• U.S.

BATTLE OF KOREA: Siege of Kumsong

3 minute read
TIME

Despite the imminence of renewed truce talks (see above), the battle of Korea thundered on. “We are getting deeper into the Chinese,” said an allied officer, “just like wading into water.”

The major actions last week were at

Kumsong, the Reds’ central-front bastion, and beyond Yonchon, about 35 miles to the west. On the Yonchon sector, the battered but indomitable U.S.1st Cavalry Division had been trying, against savage enemy resistance, to push the Reds out of hills from which they could fire on the rail line from Seoul to Chorwon, the allied-held west corner of the old Red Iron Triangle. Last week, as the ist Cavalry’s men waded in with bayonets and grenades, enemy resistance suddenly collapsed as the beaten Chinese Communists pulled out to the north. The G.I.s moved into the enemy bunkers and other strong points—some of which were taken without firing a shot—and the U.N. rail line was secure.

Smoking Rubble. General Van Fleet had had his eye on Kumsong all summer. When the Reds lost most of their Iron Triangle, they moved their main central-front base a few miles east to Kumsong (peacetime pop. 5,000). Allied probing attacks in that direction ran into stonewall resistance. Then, with the start of truce talks in July, allied efforts slacked off.

Last fortnight Van Fleet aimed three U.N. divisions—the U.S. 24th with Colombians attached, the South Korean 2nd and-6th—in an all-out attack on Kumsong. By last week the three converging divisions had narrowed the 22-mile jump-off front to less than eight miles, and a torrent of artillery fire had turned most of Kumsong into burning and smoking rubble. The infantrymen were so close that they could have looked down into the town, if the weather had been clear instead of thick. The Chinese had pulled out most of their men and guns. Some 800, left as a screening force on a height called Fortress Mountain, were encircled. Like most such “traps,” this one proved more of a sieve; three-fourths of the Reds slithered out and got away, but 200 were killed on top of the mountain by U.N. forces.

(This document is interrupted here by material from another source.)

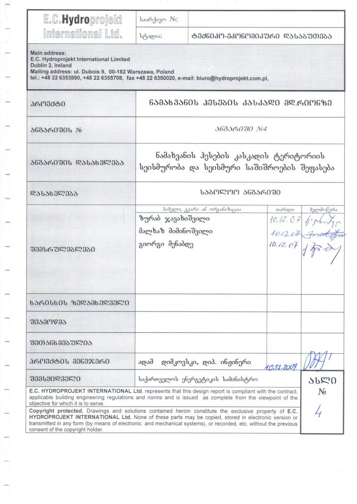 ისიც ფაქტია, რომ ვერც ერთი ენერგეტიკული და ინფრასტრუქტურული პროექტი ვერ იხილავს მზის სინათლეს, თუკი ის არ იქნება განხორციელებული სპეციალურად შემუშავებული სეისმურია უსაფრთხოების რუკის შესაბამისად.

Victory & Winter. Two columns of burly Patton tanks thrust into the outskirts of Kumsong, shot up everything in sight, and retired to their lines without losing a vehicle, although the Reds had fired on them from a respectful distance with antitank guns. After that, it was clear that Kumsong was finished as an enemy base. There was no need for Van Fleet actually to occupy it until he could do so with a minimum of casualties. This week, after another bold tank raid in which the U.S. armor braved enemy mortar fire, a U.S. patrol moved up to within 600 yards of the blasted rail and road junction. Chinese | resistance seemed to have melted.

U.N. commanders were jubilant over the Kumsong victory, but the slogging doughfeet of the 24th were not so cheerful. Cold rains lashed by freezing winds were giving them a foretaste of the Korean winter, which only a few old hands could remember from last year. Hundreds of G.I. bonfires dotted the countryside. Said a sergeant: “My feet are cold, my hands are cold and my neck is cold. And this is only October. I just hope I get out of here before winter.”